In Observability: Deliver Reliable Software Faster, Marcelo Boeira asks “How does one ensure code works the way it was design to?”. Indeed.
He looks to control theory for an answer.
Control theory in control systems engineering deals with the control of continuously operating dynamical systems in engineered processes and machines. The objective is to develop a control model for controlling such systems using a control action in an optimum manner without delay or overshoot and ensuring control stability. — Wikipedia
And focuses on observability:
In control theory, observability is a measure of how well internal states of a system can be inferred from knowledge of its external outputs. — Wikipedia
The focus of observability is to introduce machinery to monitor system performance during use. This has a distinct advantage over tests, which are confined to the build environment. I can buy this.
The application Marcelo has in mind requires apriori knowledge of user behavior. I base this on the motivating example for observability. In this example, a “collector” collects information relevant to the feature “my users need be able to search at any time”.
The collector is used to collect data based upon the observable outcome of having this need fulfilled. That is, the collector monitors search times and frequency and leads to the discovery that “my users usually search 10 times per second from 8am to 10pm”. The collector drives the construction of alarms and triggers for when behaviour lies outside of the expected norms. A recipe is provided to expand upon how to develop the collector and triggers.
But what might an implmentation look like? An answer to this question lies in Capturing and enhancing in situ system observability for failure detection. This paper describes a system called Panorama. Panorama is a system for
detecting complex production failures by enhancing observability (a measure of how well component’s internal states can be inferred from their external interactions) … when a component becomes unhealthy, the issue is likely observable through its effects on the execution of some, if not all, other components.
The only components considered are processes and threads. Components may be observers and subjects. An observer reports status on a subject.
The authors of Capturing and enhancing in situ system observability for failure detection focus on detecting unhealthy systems using the client and caller perspective. These perspectives are critical in detecting gray failures:
a system is defined to experience gray failure when at least one app makes the observation that the system is unhealthy, but the observer observes that the system is healthy.
The advantage of Panorama is it’s use of aspect-oriented programming to create perspectives between client and callers to detect gray failures in components. The focus on gray states and not just clear failed states and the focus on detection is critical.
Can you argue that Panorama doesn’t require apriori knowledge?
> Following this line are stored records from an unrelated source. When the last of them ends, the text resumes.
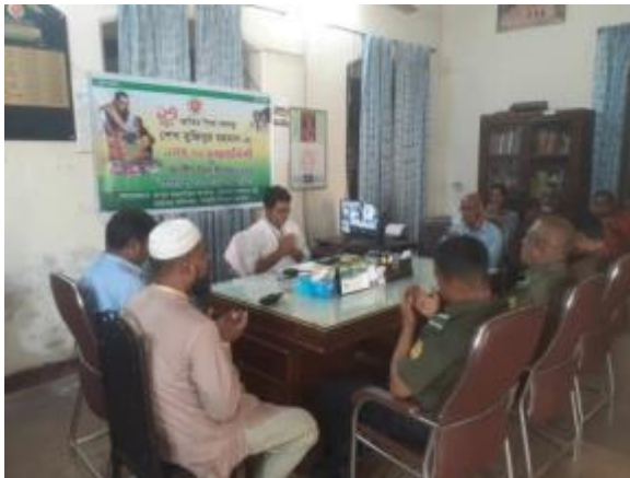
১৭ই মার্চ জাতির পিতা বঙ্গবন্ধু শেখ মুজিবুর রহমান ঐর ১০৪ তম জন্মবার্ষিকী ও জাতীয় শিশু দিবস উপলক্ষে রংপুর তাজহাট জমিদার বাড়িতে আলোচনা সভা ও দোয়া মাহফিলের আলোকচিত্র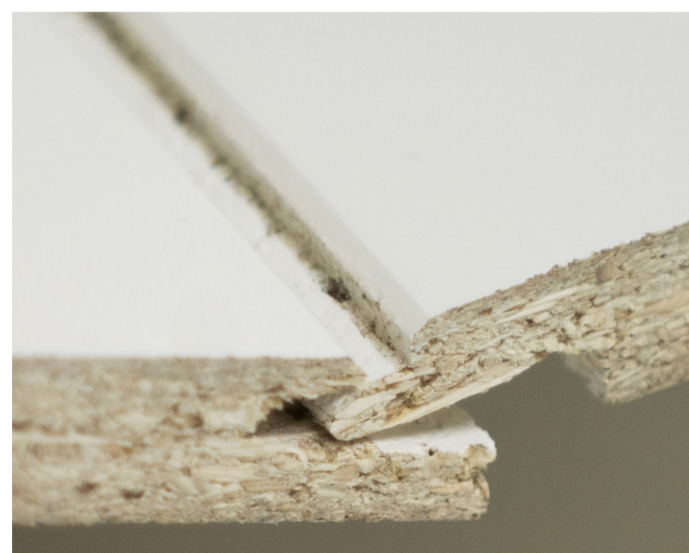
Not, fjær og fas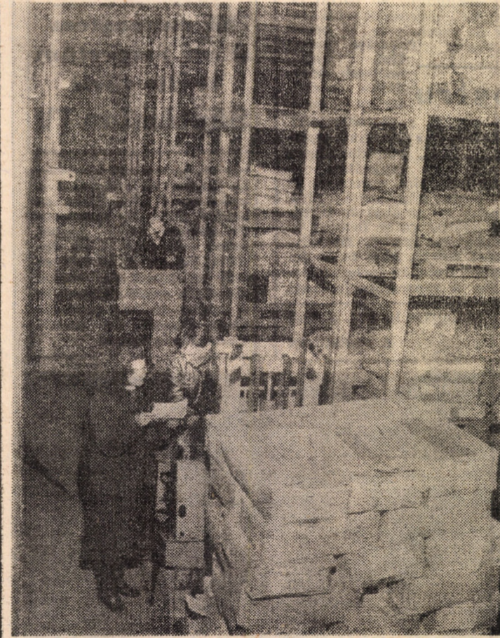
Un aspect de la pregătirea comenzilor pentru unitățile de desfacere la depozitul de mărfuri din Turnișor al I.C.R.T.I. Sibiu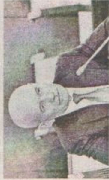
Глава республики Рустэм Хамитов выступил с инициативой проведения масштабной акции.

– Подписанный Президентом России Владимиром Владимировичем Путиным Указ о праздновании в 2019 году 100-летия образования Республики Башкортостан мы расцениваем как вызов союзу оценке достижений республики, труда ее жителей, как поддержку всей нашей работы, планов и начинаний, – сказал Рустэм Хамитов. – В честь этой знаменательной даты предлагаю реализовать масштабную республиканскую акцию «К 100-летию Башкортостана – 100 новых объек-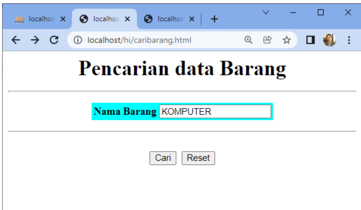
Gambar 5.6. Menjalankan program caribarang.html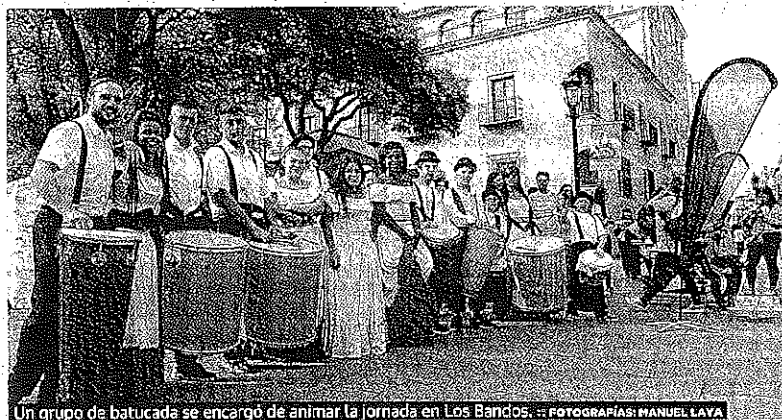
Un grupo de batucada se encargó de animar la jornada en Los Bandos.

:: WORD. Salamanca participa esta semana en dos destacadas ferias de turismo internacional a través del Patronato Provincial de Turismo y bajo el paraguas de la consejería de Cultura y Turismo. Hasta hoy estará presente en la Feria IFTM-Top Resa 2016, que se celebra en París, y hasta el domingo participará en JATA Tourism EXPO JAPAN, la feria nipona más importante.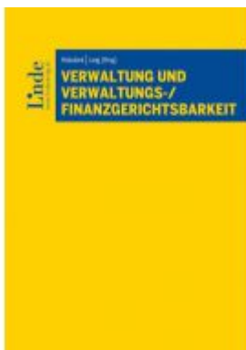
Verwaltung und Verwaltungs- /Finanzgerichtsbarkeit Ladenpreis: 98,00 EUR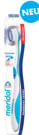
meridol® Parodont Expert extra sanft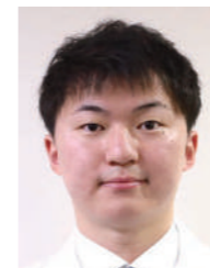
りすん なるか 李 昇讚 整形外科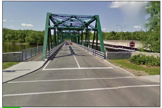
2. Unité : 1.BU.P.FI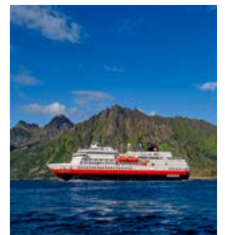
MS FINNMARKEN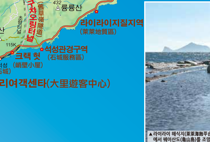
▲ 라이아리 해식지(萊葉海蝕平台)에서 웨이산도(龜山島)를 조망함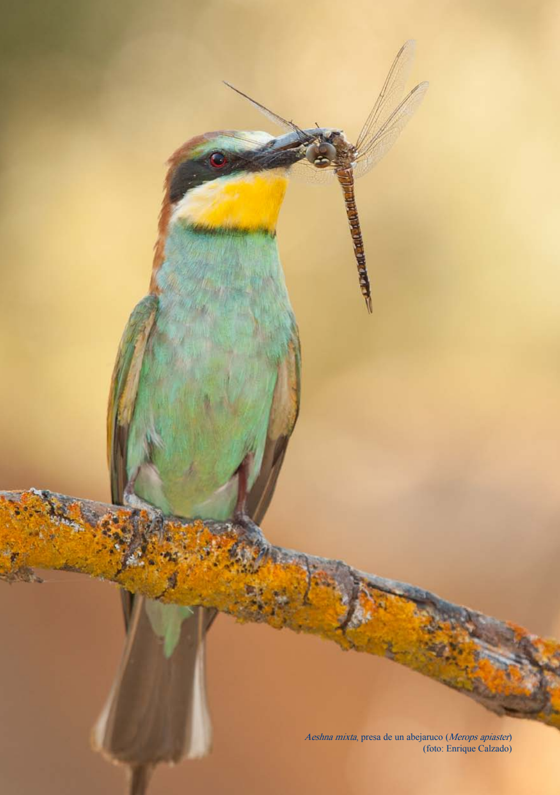
Aeshna mixta , presa de un abejaruco ( Merops apiaster )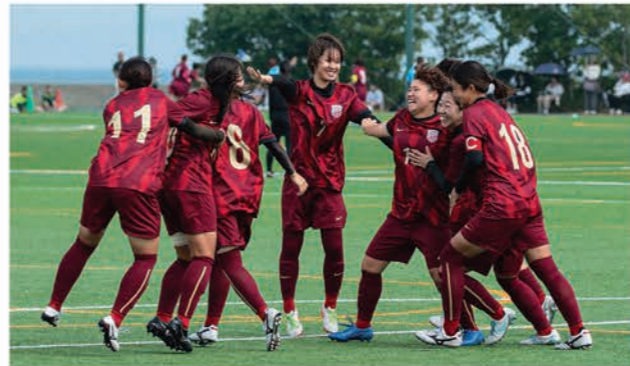
サッカー部 / 「大会2連覇」第33回九州大学女子サッカー選手権大会の様子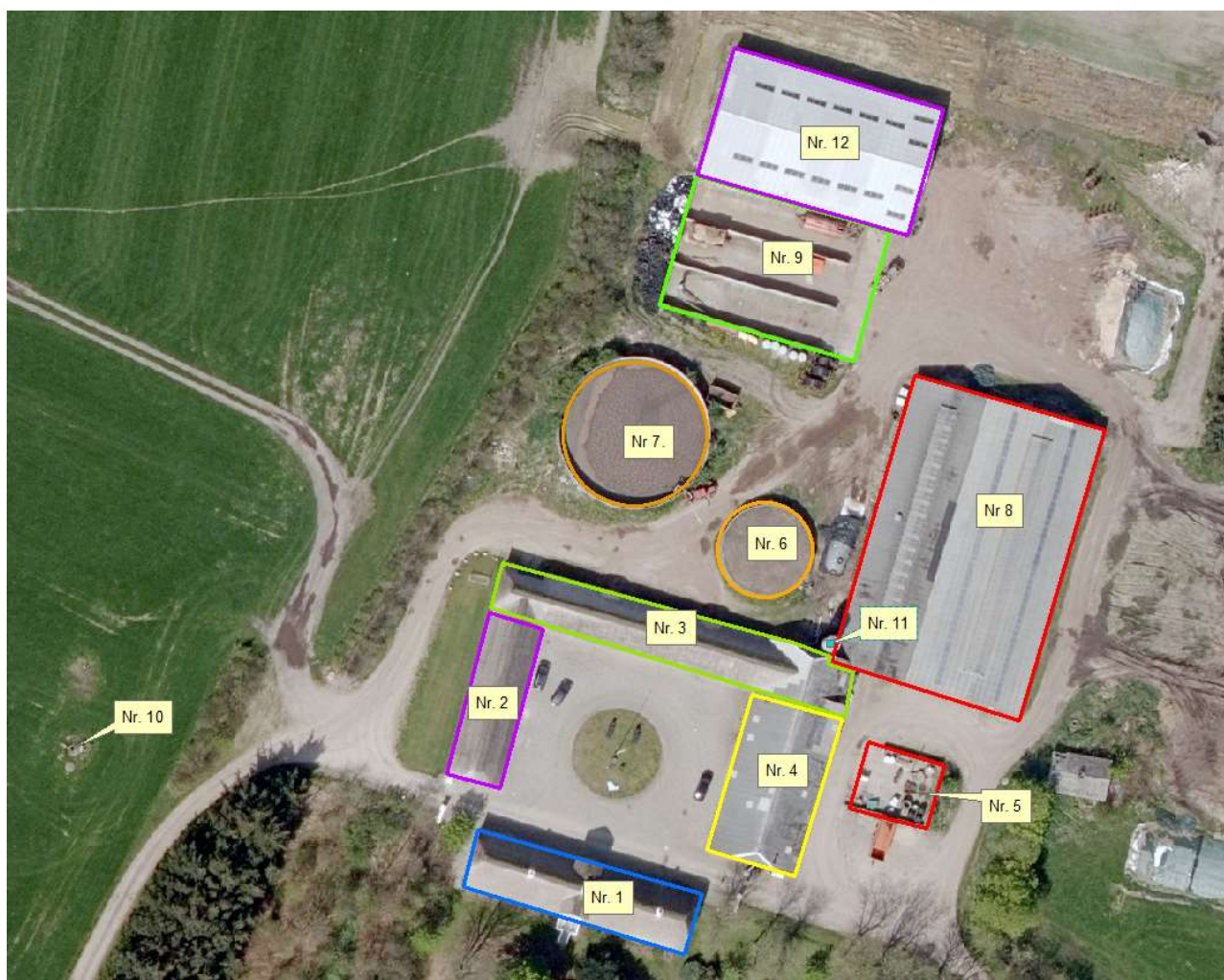
Figur 1. Oversigt over bygninger på Strandvejen 260.

Figur 1 viser en oversigt over bygningerne på Strandvejen 260.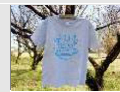
寄附金額10,000円 猫Tシャツ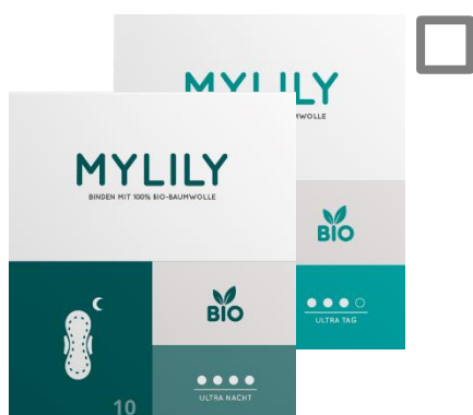
Bio-Binden (Tag & Nacht)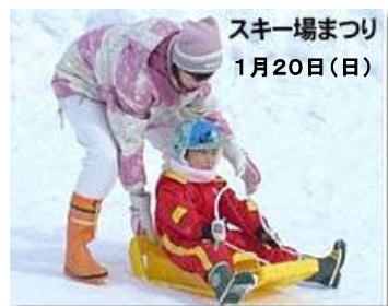
スキー場まつり 1月20日(日)

I think so. Panorama uses a bounded-look-back majority algorithm to determine the health of a system. The description is in the paper but it uses current status to determine health. It moves Marcelo’s notion of a number of searches during a specific period of time to one of did a search succeed when requested. That’s a better position overall because you don’t have to worry about changes in user behaviour.
Am I being too harsh that apriori knowledge of user behaviour is a dangerous criteria to use to develop triggers and alerts? Maybe. The application Marcelo has in mind way embody a truth regarding how many searches during a specified time of day. I’m skeptical that its a better solution even it that’s true.
The patterns of observability is a worthwhile section to read. It has applications outside of Panorama.